Dramat prezesa! Trzeba wskazać kandydata, ale każdy ma potężną wadę. „Za mało, żeby wygrać”
Tydzień temu mieliśmy poznać kandydata Nowogrodzkiej. Sęk w tym, że Jarosław Kaczyński ma kłopot na kłopocie i kolejne w perspektywie.
Od tygodnia w studiach telewizyjnych i radiowych powinniśmy oglądać i słyszeć „młodego, wysokiego i okazałego”. Nie jest to zapowiedź filmów dla dorosłych, ale wyśrubowane kryteria, jakie postawił prezes PiS przed potencjalnymi kandydatami. Najprawdopodobniej na wybiegu zostało już tylko trzech tych najbardziej ubogaconych inteligencją i fizycznością. Jarosław Kaczyński zapowiedział, że tego jedynego poznamy z końcem listopada.
Mało znany i nie lubiany
Wprost.pl zapytał dr hab. Ewę Marciniak o aktualną sytuację z kandydatami PiS. Politolożka i dyrektorka CBOS-u zwraca uwagę na rozjazd między Przemysławem Czarnkiem i Karolem Nawrockim.
W jej ocenie każdy z kandydatów Nowogrodzkiej może liczyć na około 30 proc. poparcia i jest to obojętne jest czy to będzie były minister edukacji czy prezes IPN.
– To zdecydowanie za mało, żeby wygrać, bo ten wynik nie wykracza poza elektorat Prawa i Sprawiedliwości, ewentualnie może być wzbogacony o głosy tych, którzy są zawiedzeni dzisiejszą władzą, którzy widzą jej różne niedociągnięcia – mówi.
Ekspertka uważa, że wynik na poziomie 30 proc. jest do uzyskania, ale to będzie wymagało innego rozłożenia kampanijnych akcentów.
– Karol Nawrocki ma wysoki wskaźnik nierozpoznawalności. Z kolei były minister edukacji jest powszechnie znany, ale ma stosunkowo duży elektorat negatywny. Więc wszelkie działania byłyby albo ukierunkowane na zwiększenie rozpoznawalności kandydata, albo na minimalizację negatywnego elektoratu – konkluduje.
Trzech kandydatów
Tak jak pisaliśmy, w grze jest trzech kandydatów: Tobiasz Bocheński, Karol Nawrocki i Przemysław Czarnek. Na razie nie widomo jaki jest aktualny status Bocheńskiego, który kilka dni temu podpadł Jarosławowi Kaczyńskiemu. Europoseł na platformie X gęsto się tłumaczył ze swoich poglądów na temat wydarzeń w Smoleńsku.

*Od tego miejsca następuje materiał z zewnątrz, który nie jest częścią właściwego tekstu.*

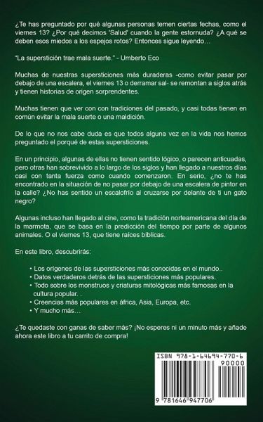 ¿Te has preguntado por qué algunas personas temen ciertas fechas, como el viernes 13? ¿Por qué decimos 'Salud' cuando la gente estornuda? ¿A qué se deben esos miedos a los espejos rotos? Entonces sigue leyendo... "La superstición trae mala suerte." - Umberto Eco Muchas de nuestras supersticiones más duraderas -como evitar pasar por debajo de una escalera, el viernes 13 o derramar sal- se remontan a siglos atrás y tienen historias de origen sorprendentes. Muchas tienen que ver con con tradiciones del pasado, y casi todas tienen en común evitar la mala suerte o una maldición. De lo que no nos cabe duda es que todos alguna vez en la vida nos hemos preguntado el porqué de estas supersticiones. En un principio, algunas de ellas no tienen sentido lógico, o parecen anticuadas, pero otras han sobrevivido a lo largo de los siglos y han llegado a nuestros días casi con tanta fuerza como cuando comenzaron. En serio, ¿no te has encontrado en la situación de no pasar por debajo de una escalera de pintor en la calle? ¿No has sentido un escalofrío al cruzarse por delante de ti un gato negro? Algunas incluso han llegado al cine, como la tradición norteamericana del día de la marmota, que se basa en la predicción del tiempo por parte de algunos animales. O el viernes 13, que tiene raíces bíblicas. En este libro, descubrirás: Los orígenes de las supersticiones más conocidas en el mundo.. Datos verdaderos detrás de las supersticiones más populares. Todo sobre los monstruos y criaturas mitológicas más famosas en la cultura popular. . Creencias más populares en áfrica, Asia, Europa, etc. Y mucho más... ¿Te quedaste con ganas de saber más? ¡No esperes ni un minuto más y añade ahora este libro a tu carrito de compra!

W mediach pojawiają się wrzutki o Danielu Obajtku i Dominiku Tarczyńskim, ale nie można ich brać na poważnie. To partyjne koterie rozgrywają przy okazji swoje drobne interesiki. Również Patryk Jaki na dobre pożegnał się z marzeniami o starcie.
Mateusz Morawiecki dobrze wie, że Jarosław Kaczyński postawił na nim krzyżyk, ale były premier najprawdopodobniej próbuje grać na utrącenie kandydatury byłego ministra edukacji.